Would LVEDP determination overcome the PAWP limitations? The answer is no. The Pascal principle applies; therefore, PAWP and LVEDP have to be equal, based on the stop-flow phenomenon downstream to a wedged pulmonary artery catheter (10). As a matter of fact, Gerges and colleagues demonstrated no significant bias in Bland-Altman analysis when PAWP and LVEDP determinations were compared (3). However, this similarity is only present when PAWP is measured at end-diastole, at the “pre–c wave” nadir, as was actually done by Gerges and colleagues (12). In cases in which “a or c waves” are not clearly identifiable, the measure may be timed with the QRS (10, 13). Electronic PAWP averaging, including “v waves,” slightly underestimates LVEDP but overestimates LVEDP in the presence of significant mitral valve disease and/or heart failure (10). Harder and colleagues measured the PAWP as an electronic mean (2), excluding patients with valvular heart disease or heart failure; hence, the difference between averaged and end-diastolic PAWP was probably negligible.

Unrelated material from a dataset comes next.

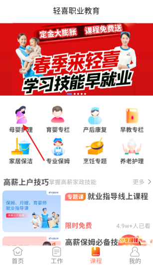 3、课程学习:点击“课程”板块,依据自身实际需求挑选合适的培训内容,借助视频学习与课后练习相结合的方式,有效提升家政服务技能。
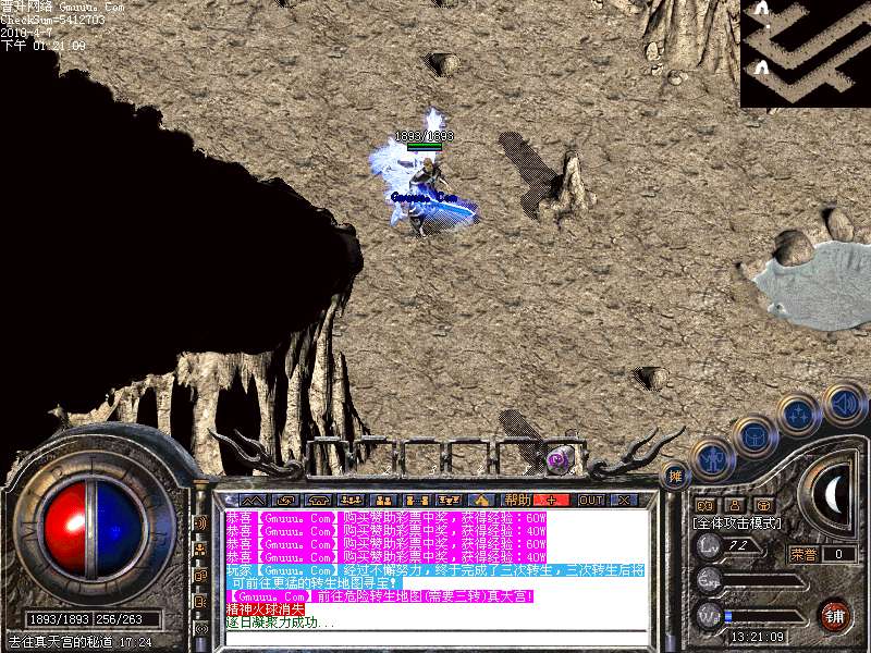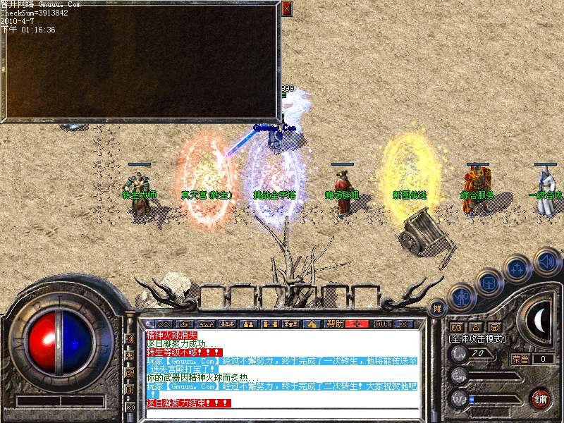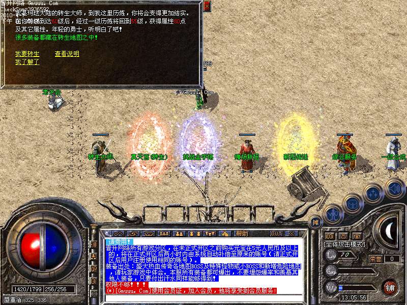 [版本特色13]在转生员处可进行转生,转生不降等级,一转后可去迷失宫殿及遗忘谷,三转后可去真天宫及无忧圣地等。每次转生可获得80点属性点!

So, where do we go from here? Mounting evidence supports the revision of the current end-expiration PAWP cutoff of ⩽15 mm Hg to exclude PH-LHD in the diagnostic workup of patients with PAH. Recent PH guidelines use the upper limit of normal for mean pulmonary artery pressure and pulmonary vascular resistance but not PAWP (1). The upper limit of normal of PAWP is 12 mm Hg. The PAWP measurement should be averaged over several respiratory cycles and strictly taken at end-diastole. When the PAWP determination is not consistent with the clinical scenario, which may be related to technical factors and/or inherent physiological variability (14), it is advised to repeat the PAWP measurement during exercise or after a fluid challenge (1). Qaiser and colleagues showed that PAWP measurements around the upper limit of normal often disclose occult PH-LHD after a fluid challenge (15). In general, one should be wary of clinical decisions based in a single number and carefully consider the applicability in a specific patient of guideline cutoffs derived from population studies.

Harder and colleagues (2) are to be commended for revitalizing the debate about PAWP measurement methodology and the upper limit of normal. Their study convincingly shows that current guidelines do not sufficiently exclude patients with heart failure who benefit less from PAH-specific therapies.